Chusok & Songphyon
   Chusok, or harvest moon festival, is a popular folk holiday falling on the 15th of the eighth month by the lunar calendar.
   From old days the Korean people celebrated the day to commemorate the bumper harvest and to honour their ancestors.
   That day people offered to their ancestors foods prepared with early rice and other grains such as mung bean, adzuki bean and soy bean.
   And on the eve of the holiday, they prepared holiday dishes, typically rice cakes made of newly harvested crops, soups, wine and sweets.

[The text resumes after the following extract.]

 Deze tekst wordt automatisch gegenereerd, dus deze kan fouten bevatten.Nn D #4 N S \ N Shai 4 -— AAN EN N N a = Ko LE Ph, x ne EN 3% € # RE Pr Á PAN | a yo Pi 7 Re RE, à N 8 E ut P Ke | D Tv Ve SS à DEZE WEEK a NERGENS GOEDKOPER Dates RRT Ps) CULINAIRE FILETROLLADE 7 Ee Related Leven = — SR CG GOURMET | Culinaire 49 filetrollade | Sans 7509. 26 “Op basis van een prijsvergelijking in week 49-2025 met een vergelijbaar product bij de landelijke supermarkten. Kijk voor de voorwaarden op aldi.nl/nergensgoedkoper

   They made a variety of rice cakes including glutinuous rice cake, and the one most associated with the holiday is songphyon, half-moon-shaped rice cake stuffed with beans and cooked on a layer of pine needles.

Nochi

   Nochi (fermented glutinous rice pancake) was a special dish for holidays in Phyongan and Hwanghae provinces.

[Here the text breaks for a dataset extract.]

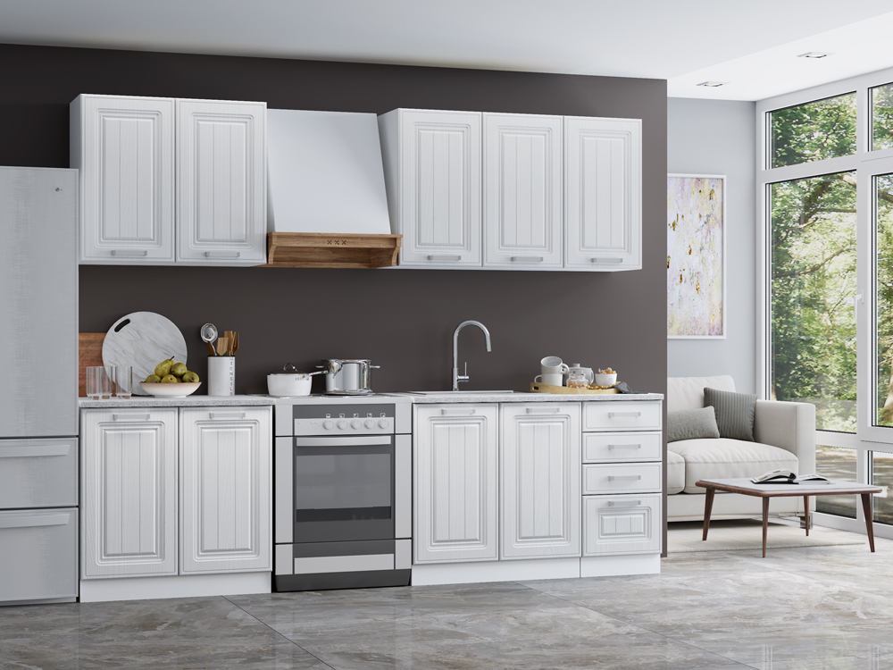Кухонный гарнитур "Греция" 2,0м без стекла - Белый (корпус) / Белый матовый (фасад)

   The locals in Pyongyang specially liked to take the dish on Harvest Moon Day, a Korean folk holiday.
   Under the moonlight on the eve of the folk holiday they fried the pancakes in the courtyard, put them one by one in an earthenware pot and sealed it. Next evening, all family members, young and old, enjoyed the rising full moon, taking the skewered pancakes.
   Some families kept the pancakes in store and consumed them during the busy harvest time in order to take in sugar.